QR-code localization — the important recognition step that has been neglected

11 min readJan 10, 2022

QR-code recognition in an image is a well-established problem in machine vision. First of all, the research object was initially developed as a tool for more “comfortable” recognition. Secondly, the problem gets broken into a few separate clear sub-tasks: QR-code localization, QR-code orientation, and QR-code decoding. It turns out that the excellent public domain libraries are able to solve the last two problems of recognition: QR-code orientation and decoding. The only downside is that for high-quality decoding such libraries expect a clear binary image of a QR-code at the input. On the other hand, the QR-code localization problem receives little attention.

We have learned from our own experience that the more precisely you locate the recognized object, the easier it will be to choose the necessary pre-processing instruments and perform the recognition itself. This means that if you are trying to improve the QR-code recognition quality in your project, you should upgrade the QR-code localization methods first. Even if afterwards you will have to binarize the image, it will be way more efficient (computation-wise and quality-wise) to binarize the area with the barcode than the entire image.
In this article, we’ll explain how you can improve the QR-code localization quality using classic image processing methods and share the figures that prove the effectiveness of our algorithm.
We’ll talk about an original QR-code localization method that is based on the modified Viola-Jones object detection framework.

We are sure that there is not a single Habr reader today who doesn’t know what a QR-code is. These two-dimensional barcodes are literally everywhere. It is only natural that there are a whole lot of tools all over the world that make it possible to add QR-codes to their projects somewhat effectively. But, the thing is, this effectiveness depends directly on the quality of the instruments used. And now we are grappling with the classic dilemma: either the problem will be solved (very) well, but it will be (very) costly, or it will be solved at no cost, but the quality will be so-so. Is it possible to refine the no-cost option so that the problem is solved well? If you are curious, keep reading!

In this article we’ll explain how you can improve the QR-code localization quality using classic image processing methods and share the figures that prove the effectiveness of our algorithm.

We’ll talk about an original QR-code localization method that is based on the modified Viola-Jones object detection framework.

Information piece on article’s main concepts

In this section we’ll mention the main QR-code characteristics that are used to create the localization method, as well as a brief description of the original Viola-Jones object detection method.

QR-code

QR-code (acronym for Quick Response Code) is a two-dimensional barcode that was developed in Japan in the mid-90s to serve the automobile industry. Due to its fast readability and greater storage capacity compared to standard one-dimensional barcodes, the QR-code system grew popular in various fields all over the world.
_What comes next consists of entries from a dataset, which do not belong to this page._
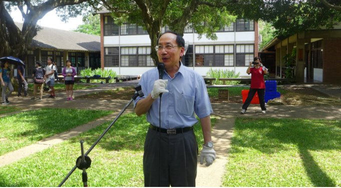 下午兩點,即便外頭氣溫高達32°C以上,全校長官、師生及行政人員皆紛紛起身集合,準備開始今天的全校勞作日打掃。曾紀鴻董事長及王茂駿校長帶領多位行政同仁,脫下西裝、捲起衣袖,親自帶領全體教職員生,齊心協力整理校園。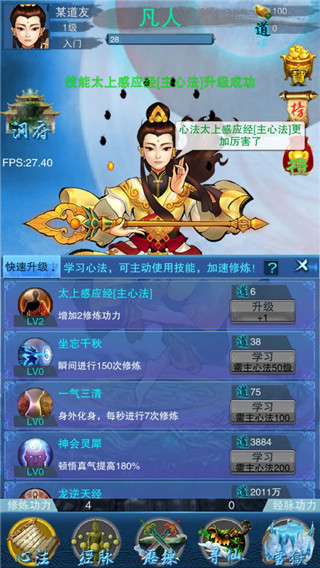 5、对于在线时间较长的道友,建议在前期(120级之前)主要提升心法等级。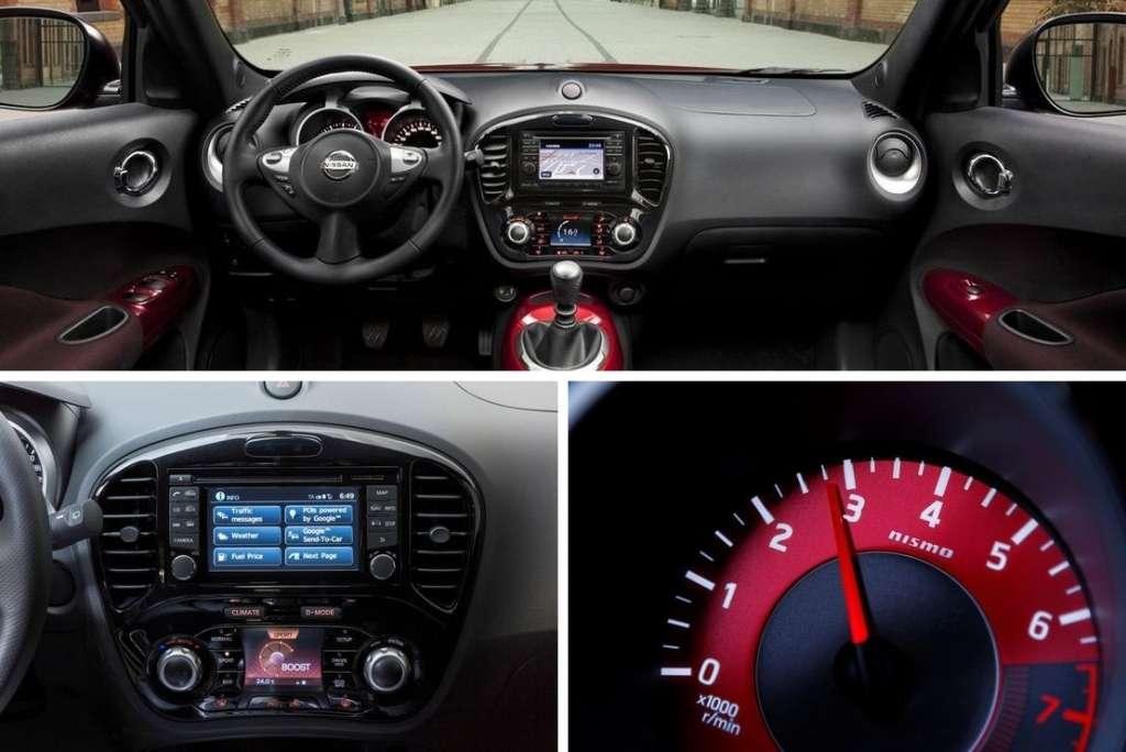 Na koniec naszej wycieczki po specyfikacjach wyposażenia małego Nissana czeka nas przyjrzenie się wersji NISMO. Dostępna jest ona wyłącznie z 200-konnym silnikiem 1.6 DIG-T, a jednocześnie jest jedyną wersją oferowaną dla tego motoru. Wyróżnikami NISMO są z zewnątrz specjalnie przygotowane, 18-calowe obręcze, diodowe światła do jazdy dziennej, spojler umieszczony na tylnej klapie oraz rura wydechowa o średnicy 10 cm. Wewnątrz poza mocno wyprofilowanymi siedzeniami i czerwoną tarczą obrotomierza zastosowano sportowe wykończenie kabiny obejmujące m.in. zamszową tapicerkę, kierownicę obszytą skórą i alcantarą, aluminiowe nakładki na pedały, liczne czerwone przeszycia oraz - rzecz jasna - widoczne tu i ówdzie emblematy NISMO.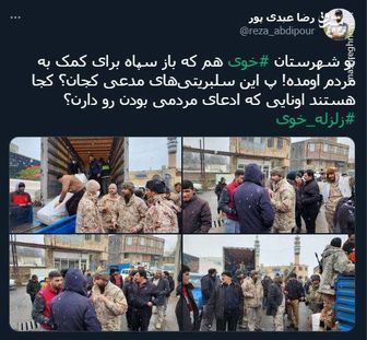 کاربران توئیتری در فضای مجازی نسبت به حضور نیروهای نظامی از جمله سپاه در این مناطق واکنش نشان داده و تصاویر خدمترسانی آن ها به زلزله زدگان را منتشر کردند.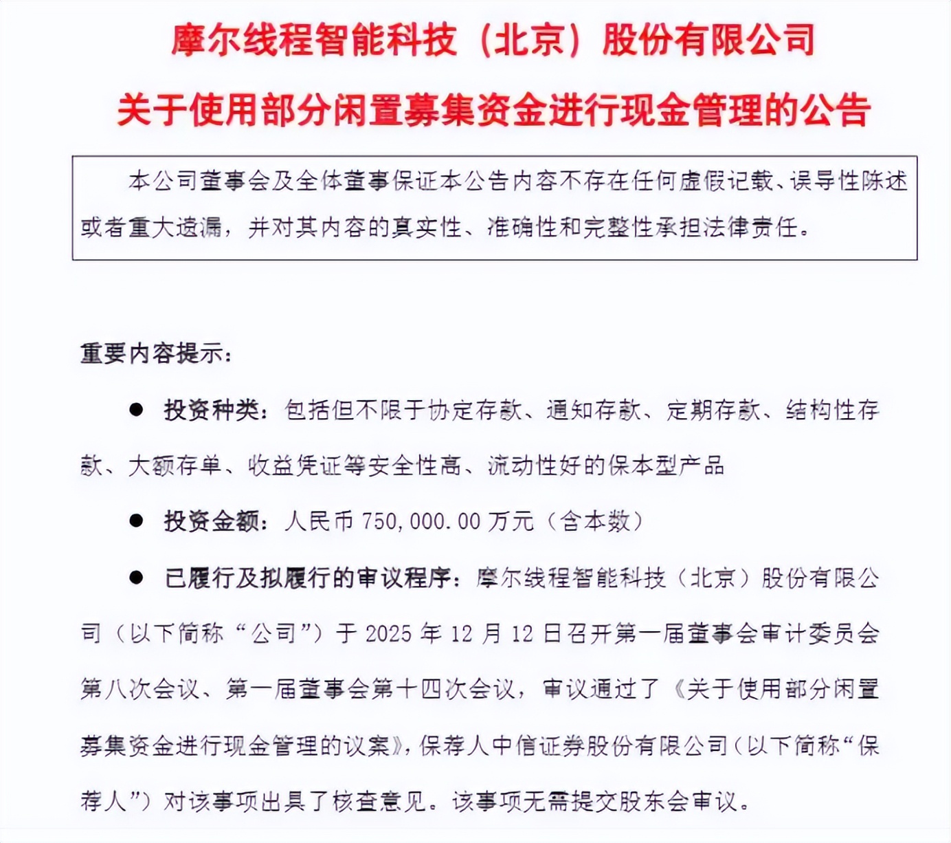 此公告迅速引发部分投资者质疑,被解读为“前脚募资80亿,后脚就拿75亿去理财”,市场担忧其募投项目投入可能不及预期。对此,摩尔线程相关负责人回应称,本次审议的75亿元是现金管理额度的上限,实际使用金额将明显小于该数字。公司强调,随着募投项目推进及置换前期自有资金投入,闲置资金规模和现金管理额度都将动态下降,绝不会因此影响主营业务发展与募投项目的正常实施。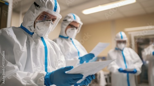 Food technologists in protective gear reviewing a batch of raw ingredients for production, with machinery in the background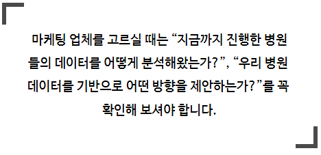 실질적인 성과를 만들어낼 수 있는 병원마케팅대행사를 고르는 일은 그 무엇보다 중요합니다.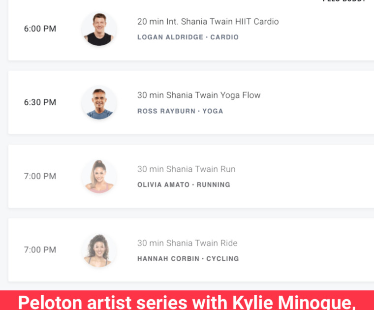 Upcoming Peloton Artist Series for Kylie Minogue, H.E.R., and Shania Twain; Artist Series Classes Shifting to Thursdays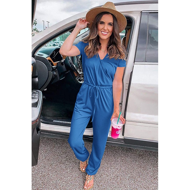 - Características: cintura elástica, pie de viga, cuello redondo, hombros descubiertos, manga corta, color sólido, cintura elástica, espalda con ojal, pantalones largos, estilo casual, ligero y transpirable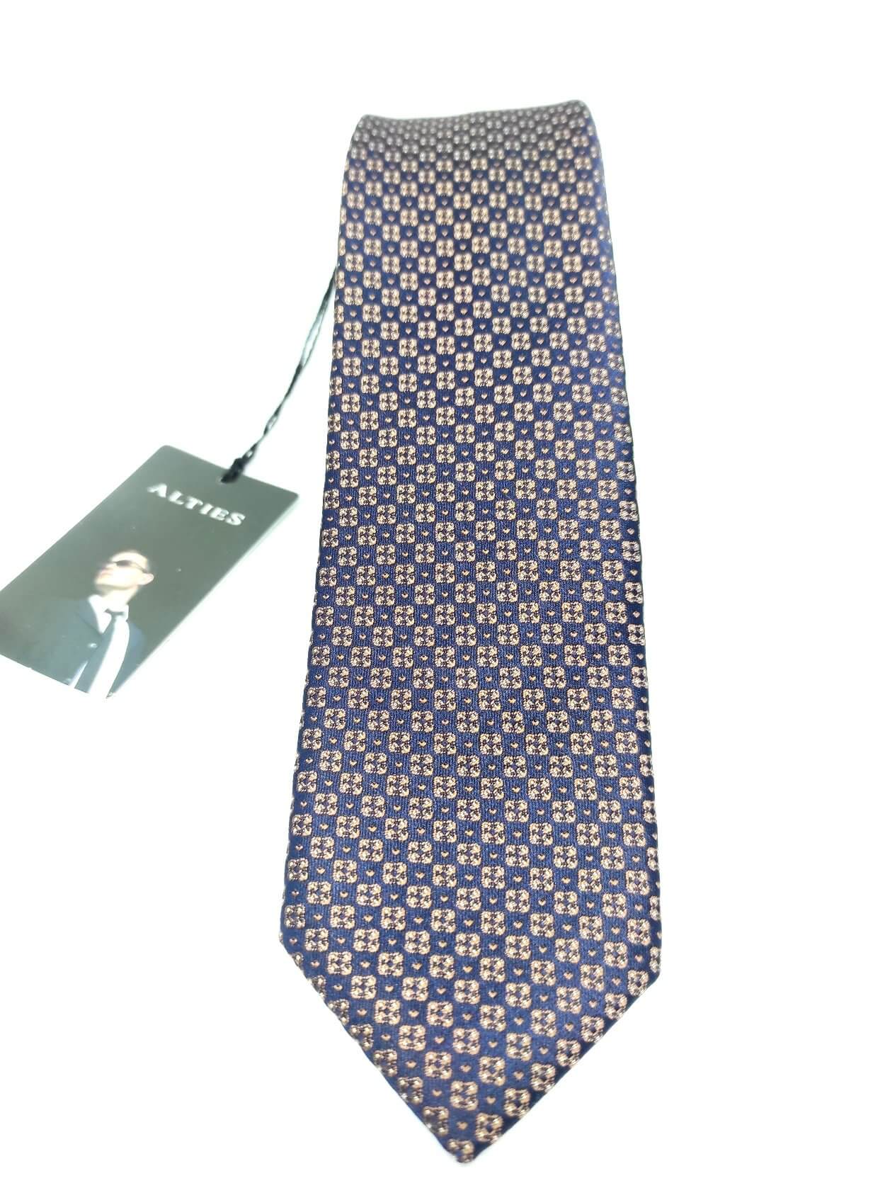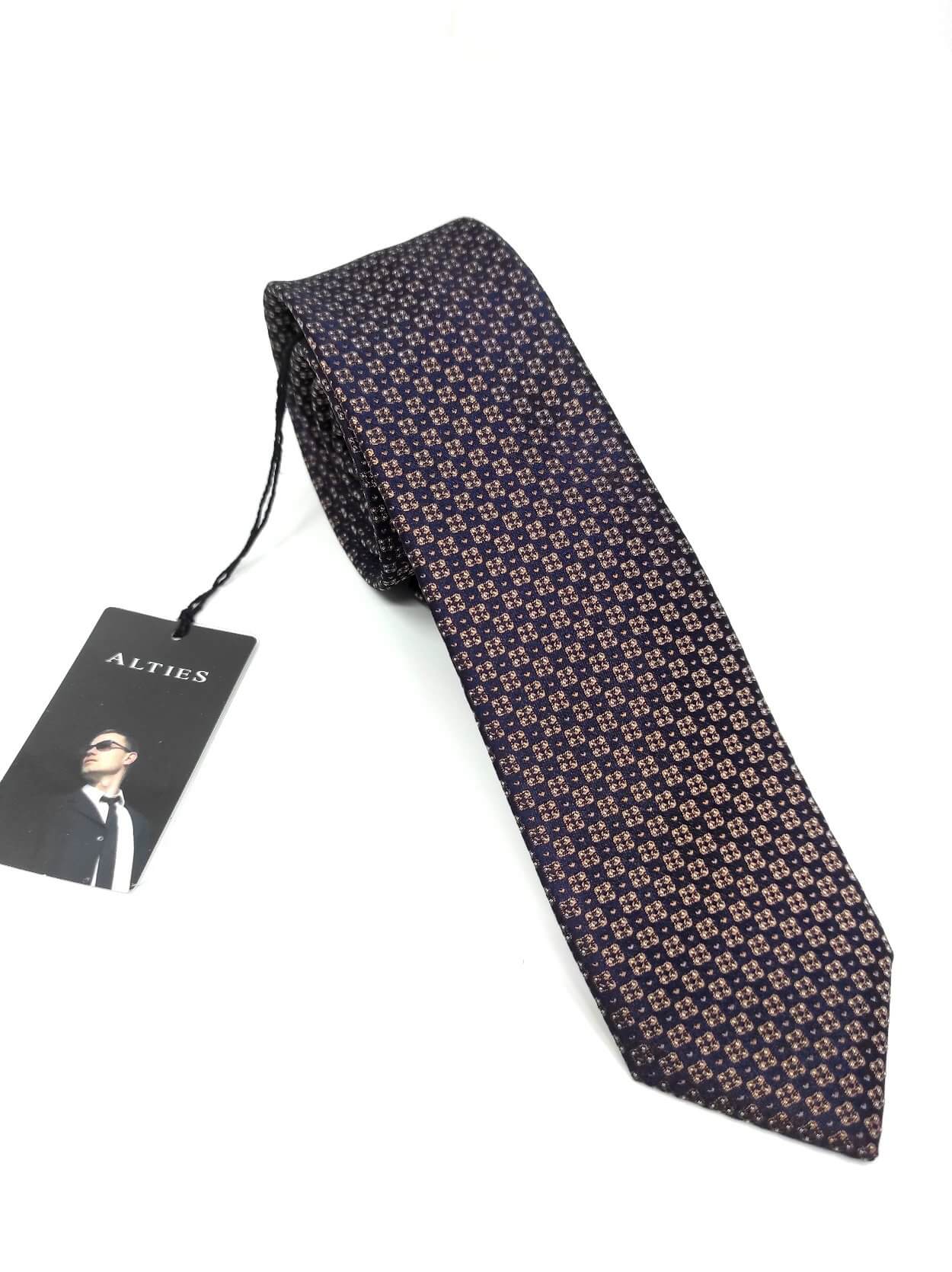 Elegancki krawat męski firmy Alties o klasycznym i modnym kroju,granatowy w brązowy wzór. Krawat o klasycznym i modnym kroju, wykonany z microfibry. Jest on bardzo ważnym elementem ubioru, dzięki któremu każdy mężczyzna może wnieść do swojego stroju odrobinę koloru. Kompletując garderobę należy pamiętać, aby krawat tworzył spójny zestaw z marynarką lub koszulą. Jego unikatowy wzór z pewnością spełni swoją funkcję w połączeniu z różnymi tkaninami w kilku wariantach kolorystycznych. Ponadto wyraźne i mocne akcenty zdobnicze dodadzą charakteru i pozwolą wyróżnić się stylem. Krawat można dobrać zarówno do karnacji, garnituru jak i temperamentu.

Unlike the standard one-dimensional barcodes which are, as a rule, scanned using specialized hardware, the QR-code is usually scanned with a camera. The QR-code structure is fully defined by the ISO/IEC standard 18004. In order to build a stable recognition algorithm for these purposes, the QR-code possesses a few reference points that form a function pattern: three squares located in the corners of a QR-code image (they are called finder patterns) and smaller synchronizing squares all over the barcode (they are called alignment patterns). These reference points make it possible to normalize the image size and orientation.

Although all the QR-codes look alike visually, various types of QR-codes can have different compositions of their elements depending on the volume of encoded data. In addition, so-called designer QR-codes are becoming increasingly popular. They use other graphic elements (logos, emblems, signs, etc.) instead of some additional data that guarantees better QR-code recognition quality. All these QR-code specificities have to be considered when developing QR-code localization and recognition methods.

The Viola-Jones method

Everybody and his dog already wrote about the Viola-Jones method here on Habr. Even we have done it a few times ourselves (for example, here, here, and here). Still, we consider it necessary to address the main points of this method in just a few words.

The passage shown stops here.